As a method of focusing the efforts of the WG, TAGs Runtime and Observability as a supporting body would bring natural alignment to projects within the groups ordinary scope. The principal examples of this include the fusion of AI workloads and Kubernetes and data-driven architecture for AI-induced actions. This integration point also extends to the observable nature of both AI training and workloads within Kubernetes, bringing it directly into the focus of the observability TAG.

In-Scope

  • Identify current end user requirements, restrictions, and gaps of deploying and running AI workflows in cloud native space
  • Help the community identify the relevant data to create relevant model outputs for the cloud native ecosystem. For example, a model output for a service that helps migrate workloads to Kubernetes or a model output for a service that allows troubleshooting security gaps in a cloud-native environment.
  • Community outreach and engagement with AI developers and cloud providers, focusing on the integration and management of AI & Data in CNCF communities and projects.
  • Fostering collaboration with various AI entities, initiatives, activities, and endeavors; including AI & Data within the Linux Foundation, and those that might be external to the CNCF, concentrating on AI challenges to the cloud native field and solutions to address those challenges; evaluate AI usage with CNCF projects and community.
  • AI Monitoring/Observability. AI workload run time metrics collection and feedback to the cloud-native orchestrator for GPU/CPU and HW accelerator resource adjustment, scale up/down, scale out/in, etc.

Out of Scope

  • Providing any form of legal advice in any jurisdiction.
  • Form an umbrella organization beyond the CNCF
  • Establish a compliance and standards body beyond the CNCF space
  • Focus outside of cloud native technologies, according to the CNCF Cloud Native definition
  • Development of new AI algorithms or models

Example Deliverables to Community

Educate and Inform: End Users, and projects

  • Whitepaper of current end user requirements, restrictions, and gaps of deploying and running AI in Cloud native space.
  • Current landscape of cloud native solutions for AI workflows
  • Surveys on the evolving landscape of managing community-generated data within the realm of AI, particularly focusing on building cloud native infrastructures serving AI services.
  • Reports on new trends in the AI industry and how cloud native is influenced or being influenced by them. For example, the explosion of LLM and Generative AI usage in 2023.
  • Curate a "Distinguished Speaker" series of talks and interviews that may inform the working group's collaborative workstreams, and to provide accessible educational materials for the larger community found in the CNCF to generate interest and grow working group membership.
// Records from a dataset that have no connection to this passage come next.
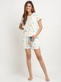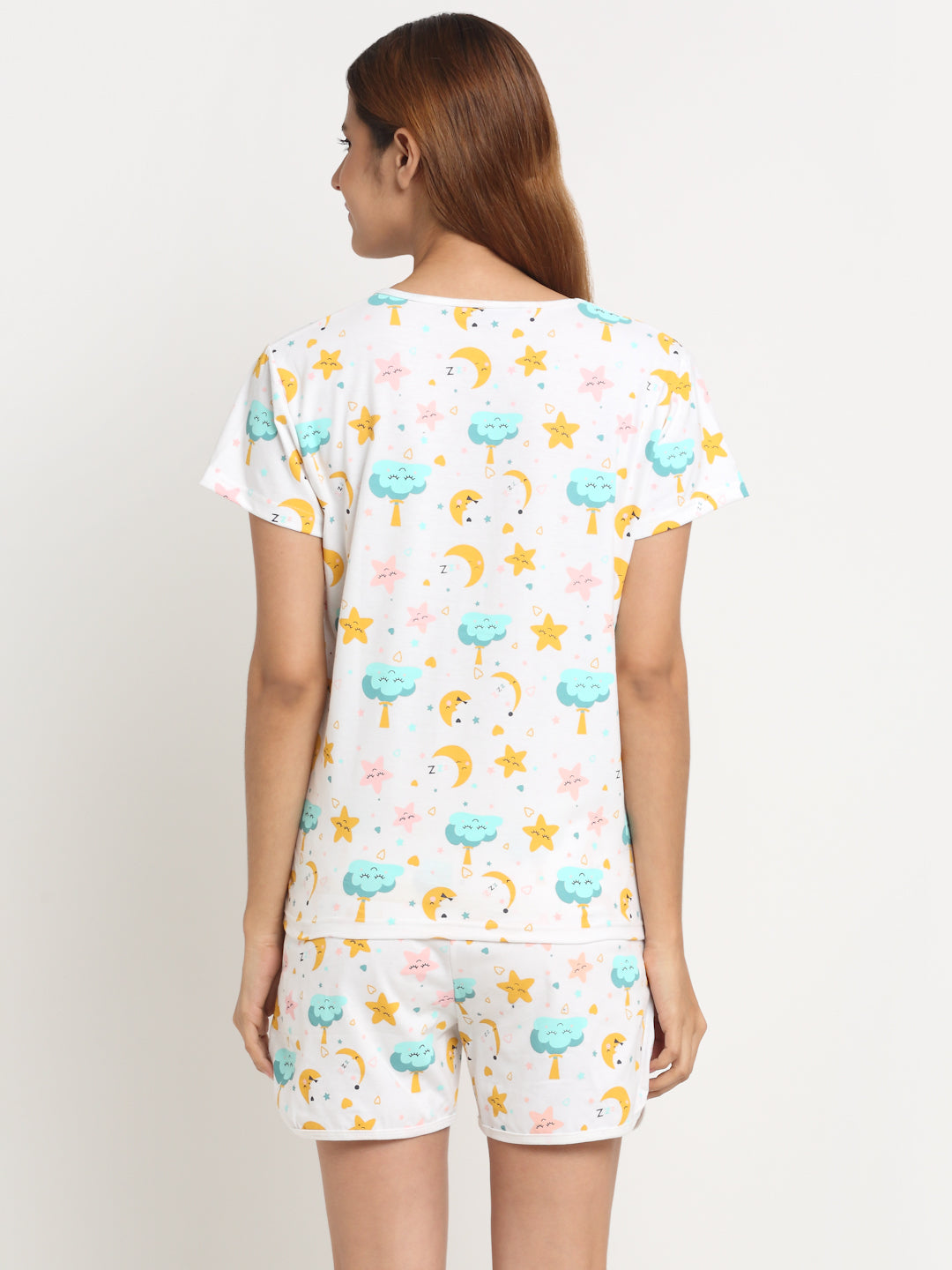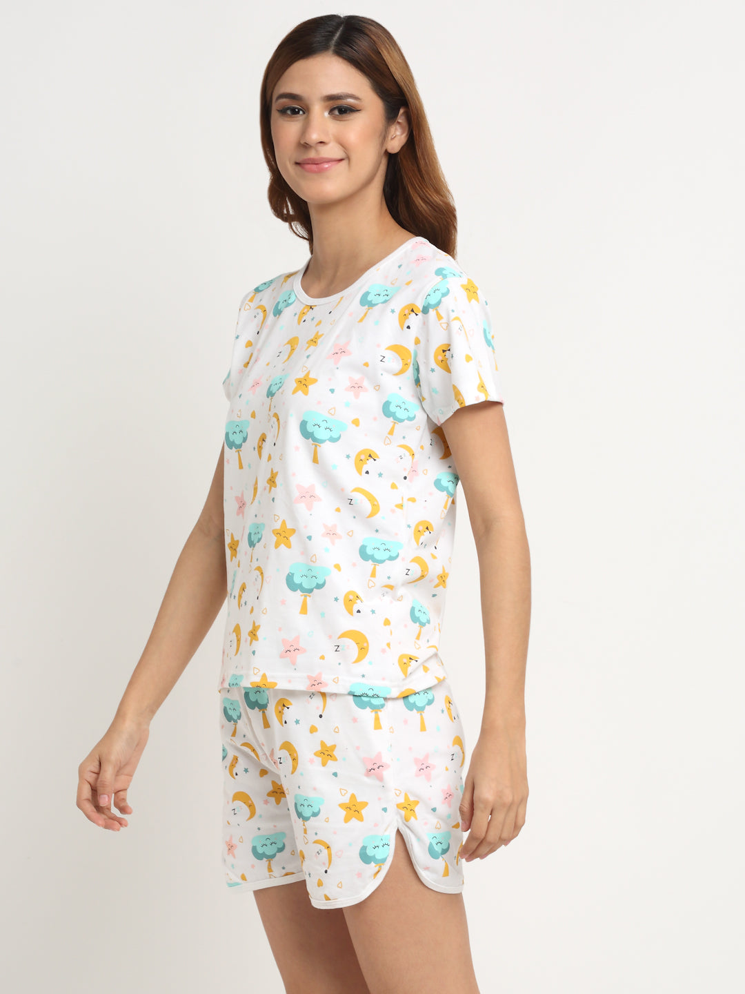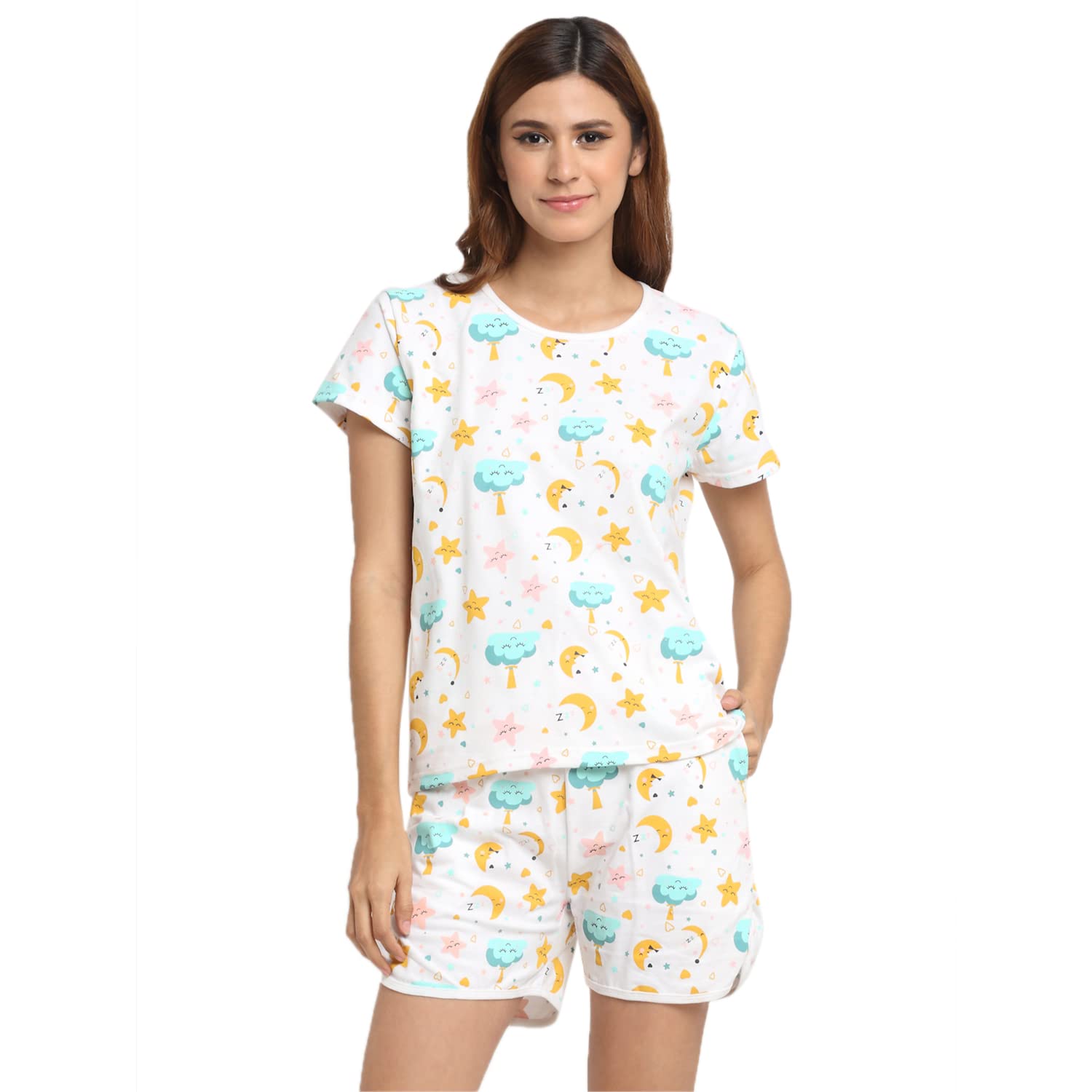 Wonderlady Cotton Nightsuit Set of Shorts & T-Shirt Starlight with Pockets Medium Size | Creeva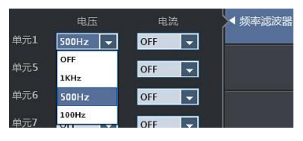 PA5000H支持100Hz、500Hz、1kHz、45~65Hz(IEC諧波模式使用)的頻率濾波器。頻率濾波器可被用于精確檢測過零點,當輸入信號頻率在1kHz以下時,建議開啟頻率濾波器,獲得更準確的過零點檢測。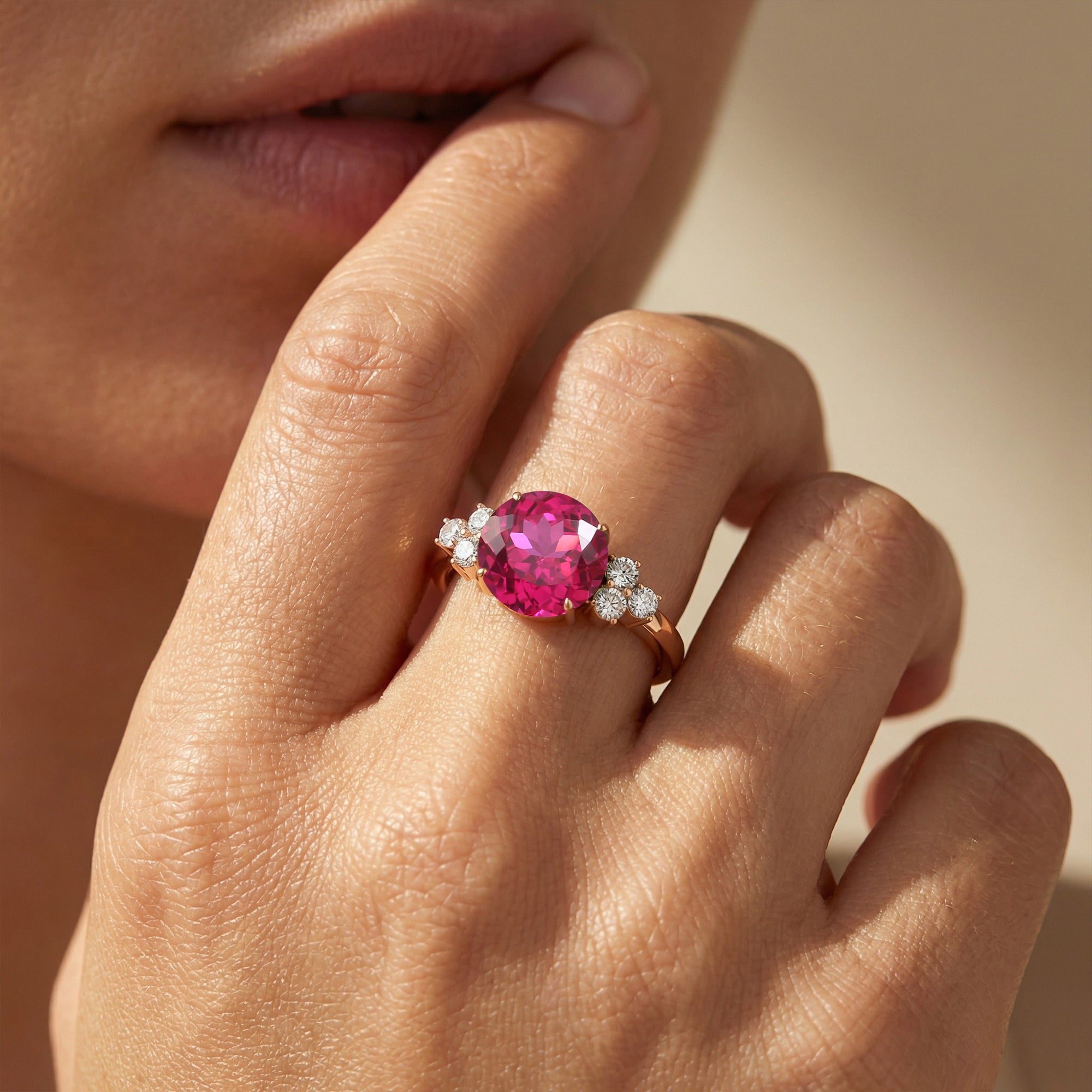 Trio Diamond Engagement Ring with Round Solitaire Pink Sapphire - GeumJewels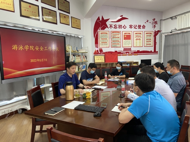 为切实加强游泳学院安全工作,着力防范化解疫情防控、训练、学习、生活各环节安全风险,筑牢安全防线,保障师生员工身心健康和生命安全,促进竞技体育专门人才培养和游泳学院高质量发展。5月7日下午,游泳学院全体管理干部在跳水花游馆二楼会议室召开安全生产专项工作会议。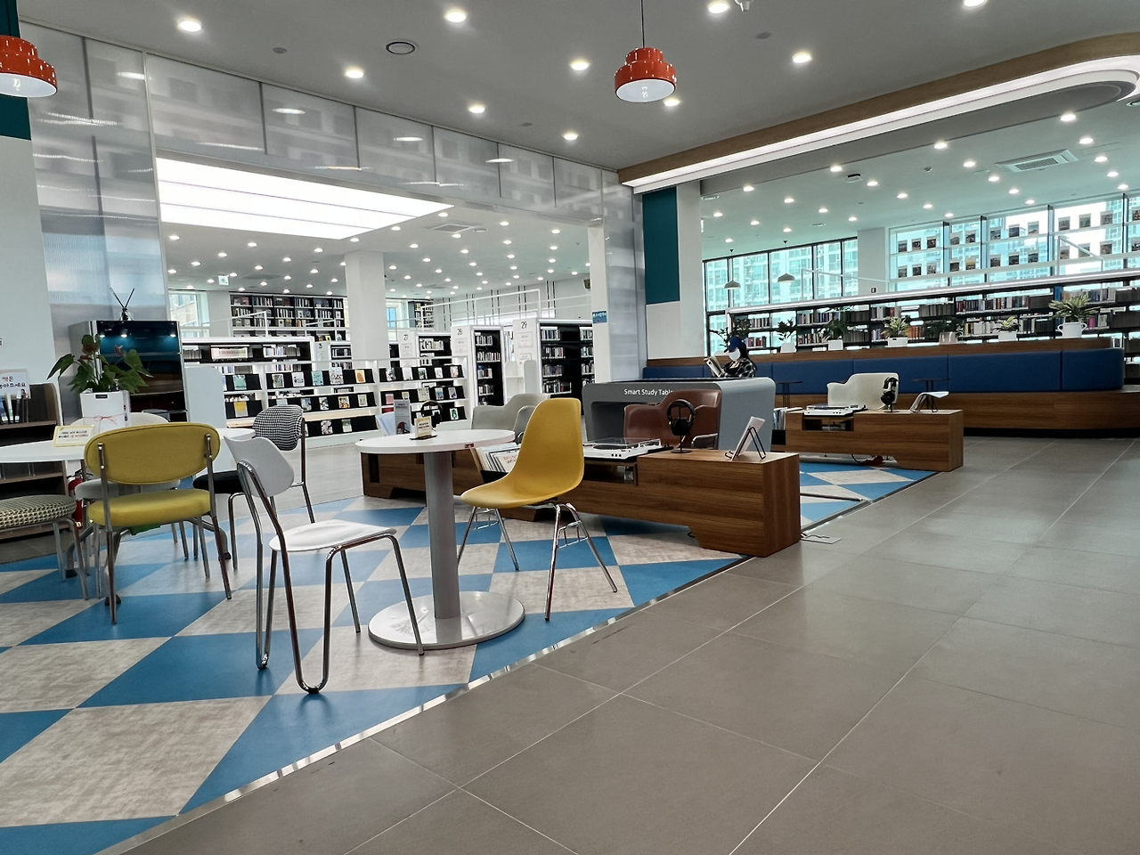 3층으로 구성된 도서관의 1층엔 작은 카페와 대강당을 비롯한 크고 작은 규모의 강의실이 있고 2층엔 어린이를 위한 공간과 공유 오피스와 스튜디오 3층엔 열린 서가와 열람실이 있다. 새로 지은 건물답게 시설도 좋고 깨끗하다.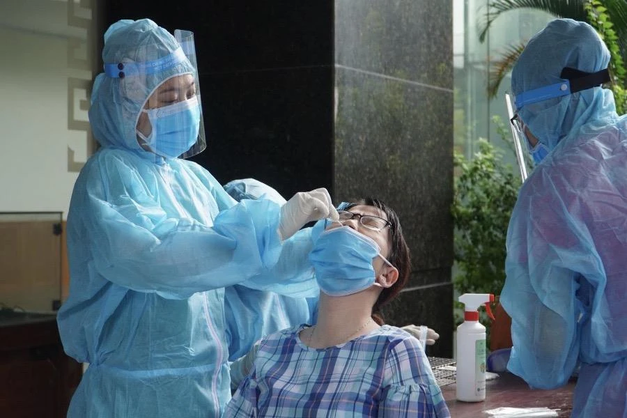 Lấy mẫu xét nghiệm COVID-19 tại TP.HCM. Ảnh: MINH TÂM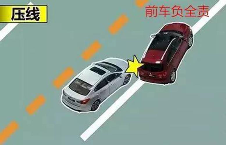 行車時(shí),若前車壓線開車或在緊急并線時(shí),不管是實(shí)線還是虛線,這種情況下和后車發(fā)生追尾事故,則由前車負(fù)全責(zé)。但要有一個(gè)條件,就是在行駛時(shí),前車壓線行為影響了后車的正常行駛而引起的追尾。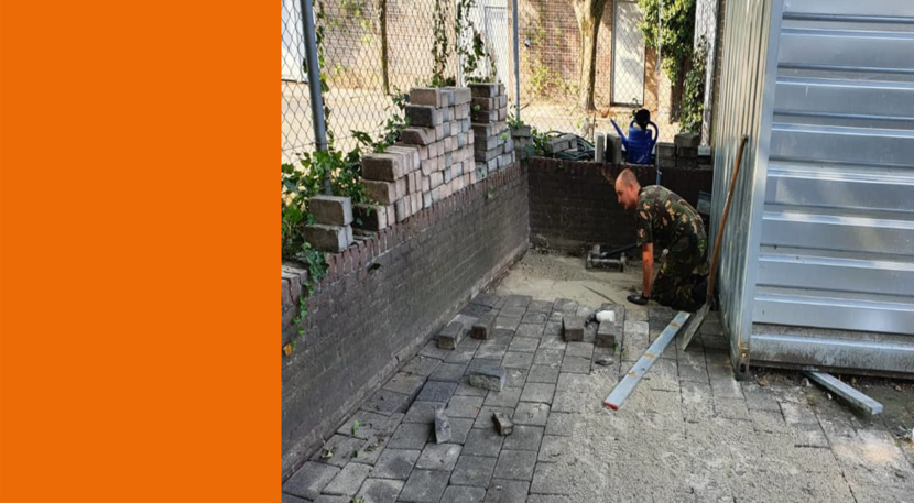 Militairen van 41 Pantsergeniebataljon, een onderdeel van 13 Lichte Brigade, hebben hun vroegere collega's de helpende hand toegestoken bij het opknappen van het ontmoetingscentrum 'De Treffer'. De binnenplaats van het centrum moest dringend opnieuw worden bestraat en die klus kan je best overlaten aan genisten.
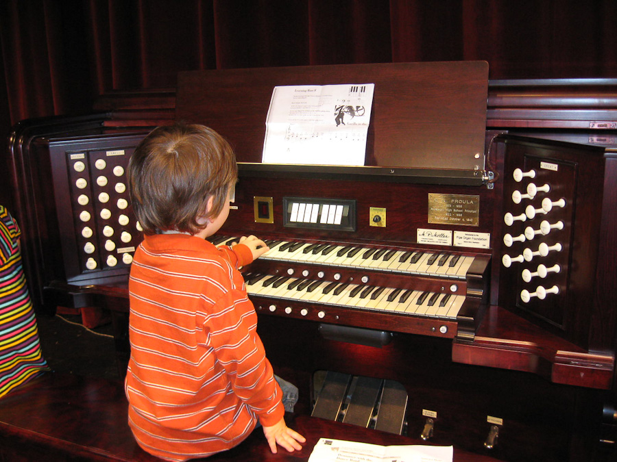 After a brief intermission, organist David Locke of the Pipe Organ Foundation played Fantasy of Fanfares by Roosevelt High School sophomore Brendan McMullen. Brendan has only recently began to study organ, but based upon his drive to compose music, he had already written this piece which is based upon a simple melody in the Dorian mode. Brendan was our youngest Foundation volunteer, and he contributed 90 hours to the rebuilding of the Roosevelt organ.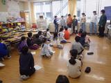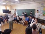 【1年生】ホールに張ったたこ糸に自分の作品をクリップで引っ掛けて走らせています。友達と一緒に走らせたり、自分の作品を追いかけたりして楽しんでいました。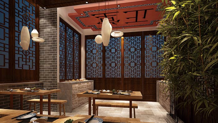 本次中式面館裝修設計方案講解到此結束,面館設計之所以采用中式風格,是業主希望客戶可以慢下來,慢慢的品嘗美食,讓自己的生活節奏也慢下來,讓客戶在這里感受到慢下來的感覺。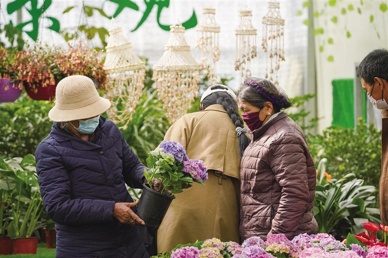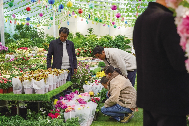 居民在花店內(nèi)購(gòu)買(mǎi)鮮花。記者 阿旺尼瑪 攝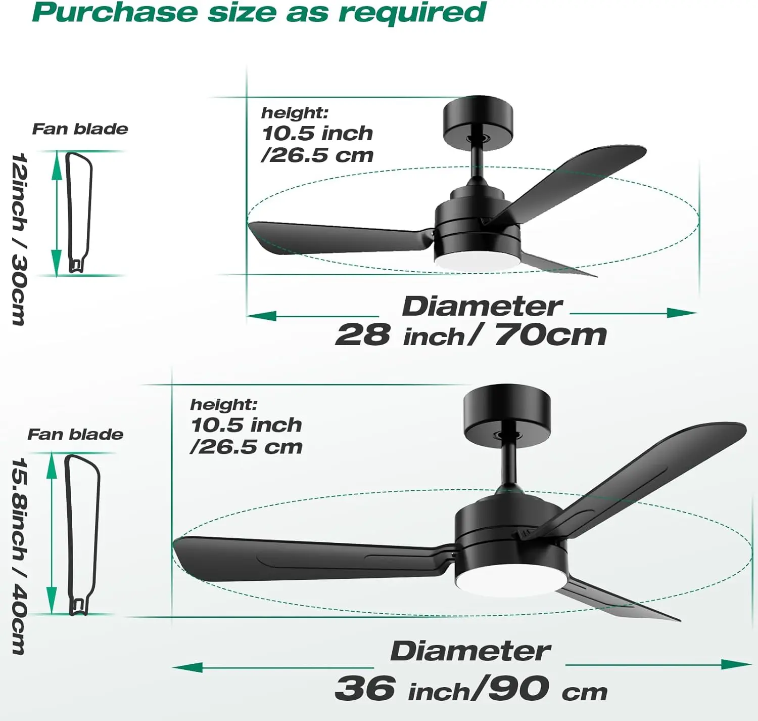 ·28” Compact Size & Universal Fit:This small ceiling fan with lights in sleek black is perfectly sized for small to medium spaces like bedrooms, kitchens, and garages, adding functional style without taking up too much space.

Tooling supporting & evaluation: AI-ready cloud native solutions, ontology, and integrations

  • Reviews, inputs, and recommendations for proposed initiatives aimed at enabling AI in CNCF communities and projects, notably in areas like MLOps.
  • API specifications or guideline solutions for gaps identified in the Cloud Native AI whitepaper. For example, a common inference API or large scale AI ML deployments.
  • Ontology of Kubernetes resources that can be used for AI ML models.
  • Literature review of cloud native data security and privacy implications.

Audiences

  • Education - the audience is end users, developers, stakeholders
  • Project intelligence - the audience is TOC/CNCF Community
  • External collaboration - organizations, initiatives, activities, and efforts outside of the Cloud Native Computing Foundation (CNCF) (e.g. OpenSSF, Academic and other research groups, etc).

TOC Liaisons

TAG Liaisons

TAGs Runtime and Observability are the current host of this WG, while future extension to its own TAG is on the roadmap.

WG Leadership

Tech leads

Communications

Operations

AI WG operations are consistent with standard WG operating guidelines provided by the CNCF Technical Oversight Committee TOC.